To get “how to query”, we use Gtrends R package. We query “how to ..” term for the year 2012 to 2017 and showing most searched terms using wordcloud.

# Writing function to display wordcloud

getYearTrends <- function(timeline)
{

  HowTo2017<-gtrends("How to", geo="US", time = timeline)
  HowTo2017<-HowTo2017$related_queries
  return (HowTo2017)

}

gTrendswordcloud <- function(timeline)
{

  #HowTo2017<-gtrends("How to", geo="US", time = timeline)
  HowTo2017<-getYearTrends(timeline)
  HowTo2017$subjectNew<-gsub('%','',HowTo2017$subject)
  HowTo2017[which(HowTo2017[,7]=='<1', arr.ind=TRUE), 7] <-0
  HowTo2017[which(HowTo2017[,7]=='Breakout', arr.ind=TRUE), 7] <-9999
  HowTo2017$subjectNew<-as.numeric(gsub(',','',HowTo2017$subjectNew))
  HowTo2017$subjectNew<-as.numeric(HowTo2017$subjectNew)
  max<-max(subset(HowTo2017, related_queries == 'rising')$subjectNew)
  HowTo2017rising<-subset(HowTo2017,related_queries=='rising')
  HowTo2017rising$subjectNew<-subset(HowTo2017rising,related_queries=='rising')$subjectNew*100/max
  HowTo2017risingTop<-subset(HowTo2017,related_queries=='top')
  HowTo2017<-rbind(HowTo2017rising ,HowTo2017risingTop)
  HowTo2017$subjectNew<-as.integer(HowTo2017$subjectNew)
  HowTo2017Top<-subset(HowTo2017,as.numeric(HowTo2017$subjectNew)>1)
  HowTo2017Top<-subset(HowTo2017Top, select=c("value", "subjectNew"))
  HowTo2017Top$subjectNew<-as.numeric(HowTo2017Top$subjectNew)
  colnames(HowTo2017Top)[2]<-"freq"
  HowTo2017Top<-HowTo2017Top[order(-HowTo2017Top$freq),]
  wordcloud2(data = HowTo2017Top)

}

#gTrendswordcloud("2017-01-01 2017-12-31")
2012 2013 2014 2015 2016 2017

Make GIF image

Make GIF using ezgif.com

Result shows most searched “How to..” queries on Google. The clouds give greater prominence to words that appear more frequently.

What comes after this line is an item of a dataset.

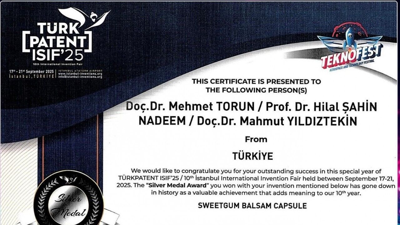 Muğla Sıtkı Koçman Üniversitesi (MSKÜ) Köyceğiz Meslek Yüksekokulu öğretim üyesi Doç. Dr. Mahmut Yıldıztekin, "Sığla Yağı Kapsülü" patentiyle TÜRKPATENT ISIF’25 Uluslararası Buluş Fuarı’nda Gümüş Madalya kazandı.

tr2012<-getYearTrends("2012-01-01 2012-12-31")
tr2013<-getYearTrends("2013-01-01 2013-12-31")
tr2014<-getYearTrends("2014-01-01 2014-12-31")
tr2015<-getYearTrends("2015-01-01 2015-12-31")
tr2016<-getYearTrends("2016-01-01 2016-12-31")
tr2017<-getYearTrends("2017-01-01 2017-12-31")

all<-rbind(tr2012,tr2013,tr2014,tr2015,tr2016,tr2017)

#plot_ly(x = df$Var1,y = df$Freq,name = "SF Zoo",type = "bar")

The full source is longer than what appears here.